With all the desirable qualities of Nebraska, and there is no Northern State that can excel or even equal it, there are some disadvantages that render it more than a hundred per cent. inferior to this country.

In the first place, there are no minerals, no timber, and, consequently, no manufacturing to supply a home market for produce. All surplus grain must go to a foreign market, and the distance and freight are so great, as to leave but very little for the farmer. Corn more frequently sells for less than twenty-five cents a bushel than it does for more than that, or even that figure.

Then the long winters and severe blizzards. We know what they are, for we battled with them for a good number of years, and are in a position to judge between the climate of that country and this.

Concerning the outlook for farming in this country, we are convinced of two facts.

The first is, that the same kind of farming given to this Southern soil that is given to the the land in the North will result in just as good crops. Of this we have no doubt whatever.

The second is, that while the farmers of the Northwest have to sell their produce for the lowest possible price, depending entirely on a foreign market, here, with our stores of undeveloped minerals, and immense quantities of timber to be manufactured, the farmer can depend on a good local market for the next hundred years.

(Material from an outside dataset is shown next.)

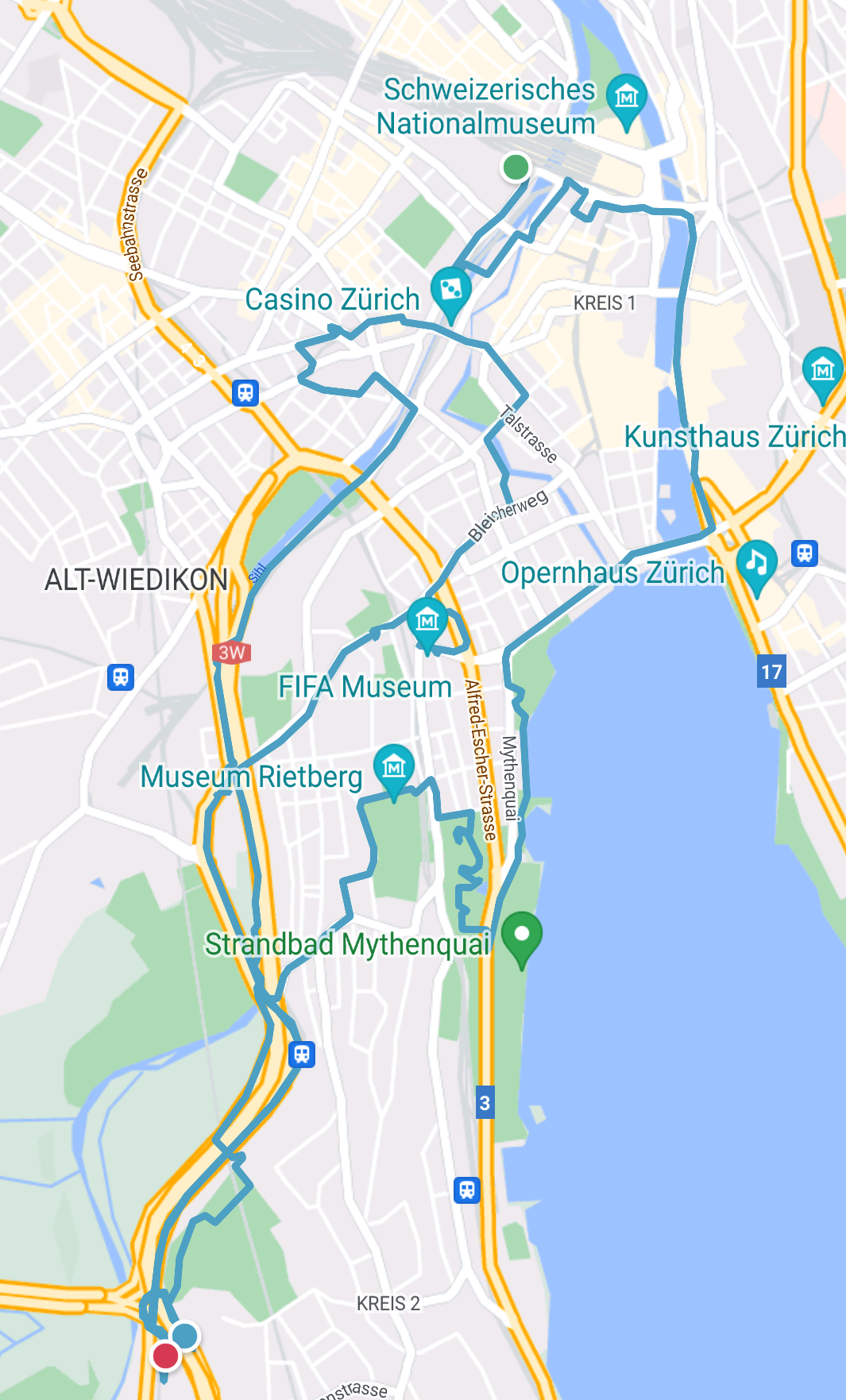 Auf dem Weg zurück finde ich oft, dass Zürich durch die vielen Wassergassen ein wenig Venedig ähnelt – aber spannenderweise auch ein wenig Graz, da die Böschungen der Flüsse genauso bewachsen sind wie bei uns. Vor allem die Sihl selbst erinnert mich an die Mur.

The Age-Herald, Birmingham, Ala., says: “The disposition among Northern and Northwestern farmers to come South is every day becoming more apparent. They long for the salubrious climate and fertile soil of the South. When the South is covered by small farms owned by industrious white farmers, then it will blossom as the rose. The negro shows a disposition to get away from the farm. He is a social creature and loves the society and excitement of the town. He flocks to the furnaces and mills around the city. He can stand heat and enjoys the hot work of the furnaces. He makes more at the public works. He is thriftless and cannot manage, and can’t make farming pay. It is possible that there will be a considerable shifting of places between the whites and blacks, resulting in good to the entire country.”